Possible to use external model?

Hello,
I implemented a bayesian inference model in matlab. Unfortunately, issues occurred and I thought it would be better doing it within the mc-stan/matlabstan environment.

My problem is similar to the mentioned example in section 2
http://www.stat.columbia.edu/~gelman/research/published/stan_jebs_2.pdf
Instead of using an exponential equation I would like to use a much more complex one, which is written in matlab and consists of hundreds of lines. So it is not easy to convert it in stan language.

My question: Is it possible to use a matlab written model in stan?

The short answer is no. The long answer is yes if you have the function and the gradients with respect to the parameters of the model and those things can be called from c++. It’s a lot of work to make that work, but it’s possible.

Hopefully it’s easier than you think. Matlab (language) isn’t too dissimilar to Stan. Unless you’ve written in the style of using vectorized operations within Matlab.

My guess is that it’ll be much easier to write in Stan than to try to get the C++ to work.

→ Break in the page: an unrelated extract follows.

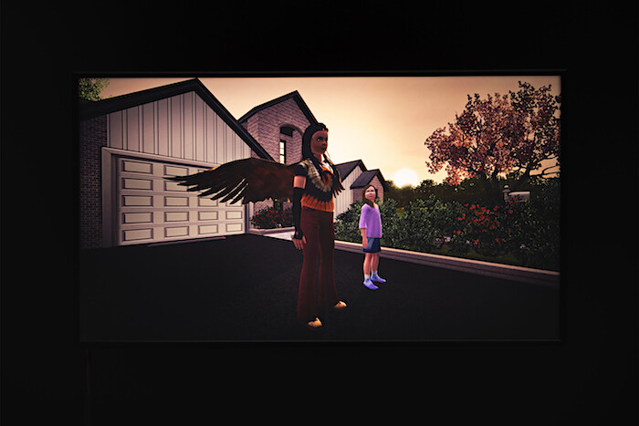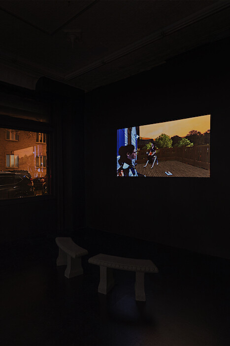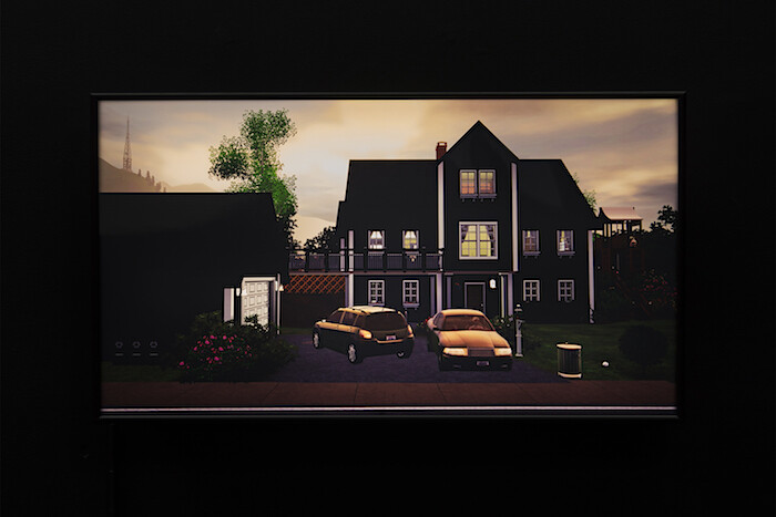 And yet a sense of collapse, or of never having had a solid foundation to begin with, is deeply inscribed on the built architecture of the video’s setting. Surreal juxtapositions abound in Connolly’s elaborately detailed interiors, which could be read as taking the consumer object fixation of The Sims to subversive excess, and feature oddities such as inexplicable Chagall paintings in a suburban living room and a pretzel-shaped bench on a front porch. Nothing, however, feels like a massive leap from the already highly elastic principles of postmodern suburban design. (This free-for-all wresting of signifiers from any historical mooring is cannily alluded to in an installation feature of the exhibition—two benches fabricated in the sort of faux-Greco-Roman style that is a ubiquitous feature of suburban non-places provide the gallery seating for the video.)

Thanks for the quick reply. Of course I didn’t want to hear something like that, so I have to see how to handle it.
Hopefully I get the matlab hmc to work.

Good luck.

If it’s at all complicated, you’ll want to run / implement NUTS. Tuning is difficult with HMC. And you’ll need transforms too.

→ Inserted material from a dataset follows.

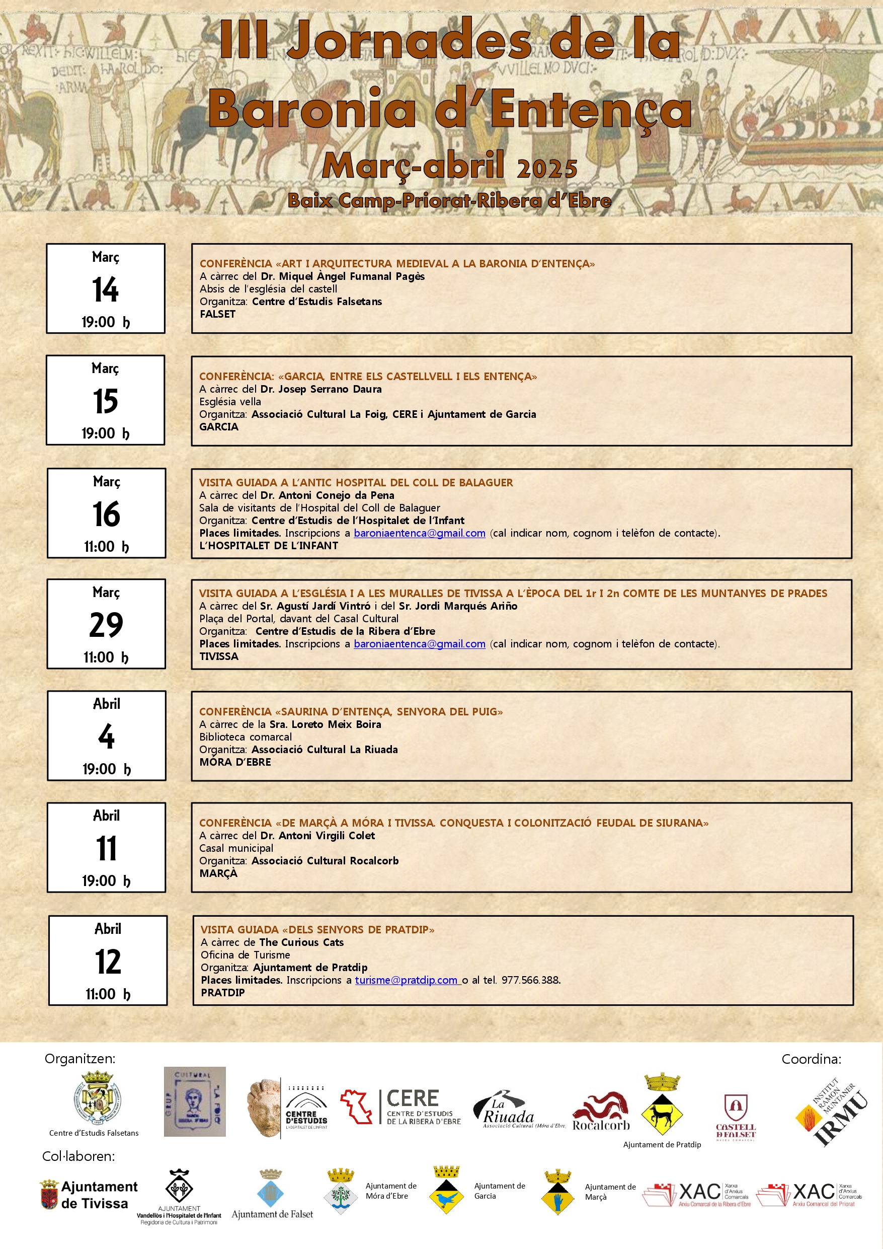 - Organitzada pel Centre d'Estudis de l'Hospitalet de l'Infant amb la col·laboració de l'Ajuntament en el marc de les III Jornades de la Baronia d'Entença

I might have problems with matlab, because my problem has a constrained parameter space. Probably stan would be better, since I can declare the contraints directly. But I have to go deeper…

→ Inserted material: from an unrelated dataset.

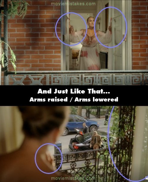 Continuity mistake: When Carrie opens the windows, she raises both arms. However, in the reverse shot from behind, her right arm is lowered and her left hand is positioned over her chest.

There are NUTS implementations for Matlab. This one is based on Matt Hoffman’s original code with adaptation added https://github.com/gpstuff-dev/gpstuff/blob/master/mc/hmc_nuts.m

Thanks alot for the provided source code for NUTS.
What I figured out is, that epsilon is iterated to zero and thus no sampling is possible.
The gradient seem to be pretty high and the parameter space is constrained, which makes it more difficult probably.
It would be very nice, if someone has a hint.